The critical factors determining tangerines’ sweetness can be broadly categorized into environmental, genetic, cultivation, and post-harvest management factors [24]. The sugar content within the fruit primarily measures tangerine sweetness and can vary depending on various conditions and management practices [25]. The following factors, individually or in combination, influence the sweetness of tangerines, and careful management of these factors is necessary to produce high-quality, sweet tangerines [26].
  • Environmental Factors:
    • Climate Conditions: Tangerine sweetness is greatly influenced by climate conditions, especially temperature and sunlight during the growing season. Generally, lower temperatures and higher sunlight levels help increase tangerine sweetness.
    • Soil Conditions: Well-drained soil with rich nutrients contributes to tangerines’ healthy growth and high sweetness.
  • Genetic Factors:
    • Variety Selection: Tangerine sweetness can vary significantly depending on the variety. Certain varieties are naturally bred to be sweeter than others.
  • Cultivation Practices:
    • Moisture Management: Excessive irrigation can decrease the sweetness of the fruit.

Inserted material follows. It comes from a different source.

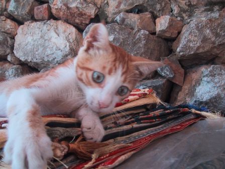 写真の子猫はお土産店の看板猫をつとめていた。・・・といっても商品の上でだらん

Proper water management is essential for increasing the sweetness of the fruit.
    • Fertilizer Usage: Excessive use of nitrogen fertilizers can decrease sweetness, while appropriate fertilizer application enhances the sweetness and quality of the fruit.
    • Pruning and Thinning: Proper pruning and thinning provide more nutrients and light to the fruit, increasing sweetness.
  • Post-Harvest Management:
    • Harvest Timing: Since tangerines’ sweetness varies with ripeness, harvesting them at optimal ripeness is essential. Generally, fruit is the sweetest when fully ripe.
    • Post-Harvest Handling: Storing the fruit at appropriate temperature and humidity after harvest is crucial for maintaining sweetness.

4.3. 13 Comprehensive Elements of Citrus Production

The 13 factors (longitudinal diameter, transverse diameter, fruit weight, pulp weight, pulp ratio, peel thickness, acidity, sugar-acid ratio, temperature, humidity, precipitation, insolation, and wind speed) are important indicators used in agriculture, especially in the fruit industry, to evaluate the growth, development, and quality of fruits, and to monitor environmental conditions. Items 1 to 8 are related to fruit, while items 9 to 13 are related to the environment. In this study, we aim to predict sweetness using seven factors. Five (temperature, humidity, precipitation, insolation, wind speed) are meteorological data, and two (acidity, sugar-acid ratio) are sweetness-related factors (Table 1).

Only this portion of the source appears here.